The Angelus' 'The Other Side Of The Mountain' Addresses The Hope In Darkness
There's a righteous battle fought in There Will Be No Peace, the apocalyptic rock 'n' roll record released at the top of the year by The Angelus. The North Texas trio reaches across humankind with a body-rattling, desert-swept heft similar to its fellow Texans Lift To Experience and recent work from Wovenhand, but with hints of post-hardcore's melodic experimentation and Emil Rapstine's crestfallen croon.
"The Other Side Of The Mountain" comes at the descent of the album's narrative, in the cracks of light where hope barely shines through. Its lonesome howl picks up speed like a tornado, swirling togetherguitars and cymbals, but never quite touching down. Its video, in turn, also locates a lonely between-space.
"I feel the director captured in visual form something fleeting and something mysterious in regard to the transience of life," Emil Rapstine tells NPR. "Like the moment between your eyes closing and being shut, things are dim, but not completely dark. This is the theme in much of the music of The Angelus, and in the video for this song we see someone holding onto their hope in the face of encroaching darkness and pushing through to the light."
Director David Gilbert painstakingly filmed a tortured soul (portrayed by Ross Ashley) and a hooded figure (Vanessa Gilbert) in the early hours of the morning to catch what the director calls the"blue hour, which is really only about 20 minutes before the sun comes up and ruins it all."

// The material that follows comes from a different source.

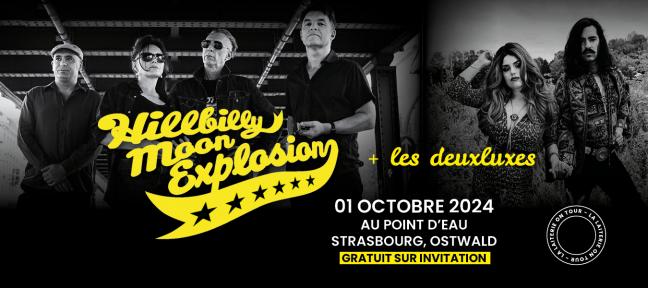 Freier Eintritt gegen Einladung. In Ostwald, dem Wilden Westen von Strasburg, erklingt Rockabilly, Rock’n’Roll, Blues und Swing Country Surf an der Wasserstelle von The Hillbilly Moon Explosion aus den Schweizer Bergen und les Deuxluxes aus den kanadischen Wäldern. Howdy an alle Cowgirls und Cowboys.

"The music of the Angelus is beautiful, brooding, dark and powerful," Gilbert tells NPR. "I wanted to create images that exemplify those qualities and at the same time craft a story personifying the song's lyrics, while remaining ambiguous. The hooded figure appears so dark and ominous, but she's actually a good character. So many things in life appear to be really bad situations, but as you push through them, you grow. What you thought was meant to harm you, actually helps you. The man in the video represents all of humanity. We all have struggles. We all have mountains to climb."